Things get worse when we shift our gaze to the simple mechanics of review implementation. In translating the logic of the qualification standard into an SER template, the CHE presents universities with confusion in respect of two of its three strands of logic: Graduate Attributes and Qualification Purpose.

The qualification standard explains Graduate Attributes thus:

“The purpose and level of the qualification will have been achieved when the following attributes are evident. The attributes are assessed within the context of the Purpose of the qualification.” Attributes listed below this explanation cover nine areas of knowledge and skills, each beginning with an achievement-based statement such as, “The graduate demonstrates …”, or, “The graduate shows evidence of …”.

On the other hand, the SER template says:

“Describe and evaluate how your institution prepares candidates to attain the graduate attributes (knowledge and skills) set out in the qualification standard for Doctoral Degrees.”

At the simplest level of what words mean, achievement-based evidence in respect of what graduates can do, or demonstrate (as in the qualification standard), is different to the means through which a qualification is designed to develop the sought-after attributes (as in the SER template). Should institutions take their cue from the qualification standard, or from the SER template?

Against that background of confusion, the SER template concludes rather ominously with tables on drop-out statistics, time-to-degree statistics and graduation rates. Let’s hope that peer review judgements are not clouded by such indicators of efficiency. Quality research can take time and it would be unfortunate if universities were, in future, to feel the need to safeguard their interests by encouraging doctoral students to tackle what is easily “doable” rather than what is intriguing.
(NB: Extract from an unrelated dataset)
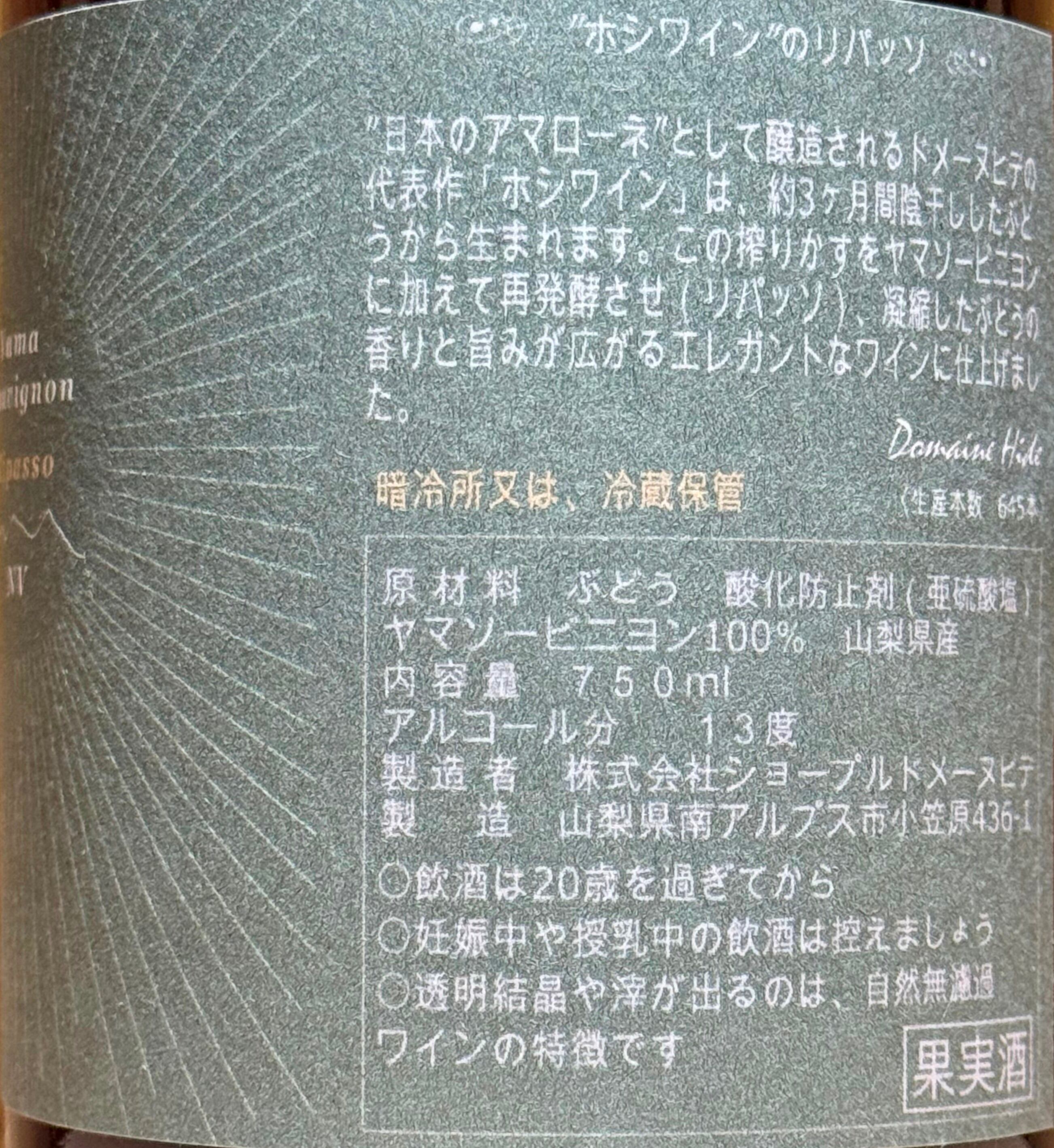 2023年VTのヤマソーヴィニヨンに、陰干ししたぶどうを使用して造られる「ホシワイン」の搾りかすを加えて再発酵。

In conclusion, at this stage we don’t yet know what sense universities will make of all this; and whether the CHE will then have sufficient common understanding across institutions to enable it to draw valid conclusions across the sector. A lot depends on the peer reviewers who will do the site visit rounds later this year. Let’s hope that scholarship and good professional judgement can mitigate the CHE’s shortcomings.

But from what we have seen so far, there are menacing signs of a phenomenon called “meliorism” (if you’re English); or the more descriptive “verschlimmbesserung” (if you’re German). Either way, it means that the doctoral review is on course for an outcome that is likely to subvert its own noble intentions of assuring – and developing – quality.
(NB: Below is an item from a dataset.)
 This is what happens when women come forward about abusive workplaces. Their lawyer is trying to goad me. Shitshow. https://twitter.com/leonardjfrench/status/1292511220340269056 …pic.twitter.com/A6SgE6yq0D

How did we get to this unpromising state of affairs? All CHE documentation is approved by its own statutory bodies. If that is not alarming enough within the context of our question about who guards the guardians, consider too that universities have been informed that: “The necessary review instruments have been developed and approved with the support and close involvement of the National Research Foundation.” DM

Ken Harley is Emeritus Professor, University of KwaZulu-Natal. He is a former Head of the School of Education and Interim Dean at the University of Natal/KwaZulu-Natal. He was editor of the Journal of Education for 12 years; manager of the CHE’s National Teacher Education Review; Team Leader of the EU-funded HIV Pilot Project in Teacher Education; and as a consultant, he has conducted 11 evaluations of funded Open Education Resource (OER) projects, mainly in East Africa and Ghana. He is co-editor of a COL/UNESCO book on OER.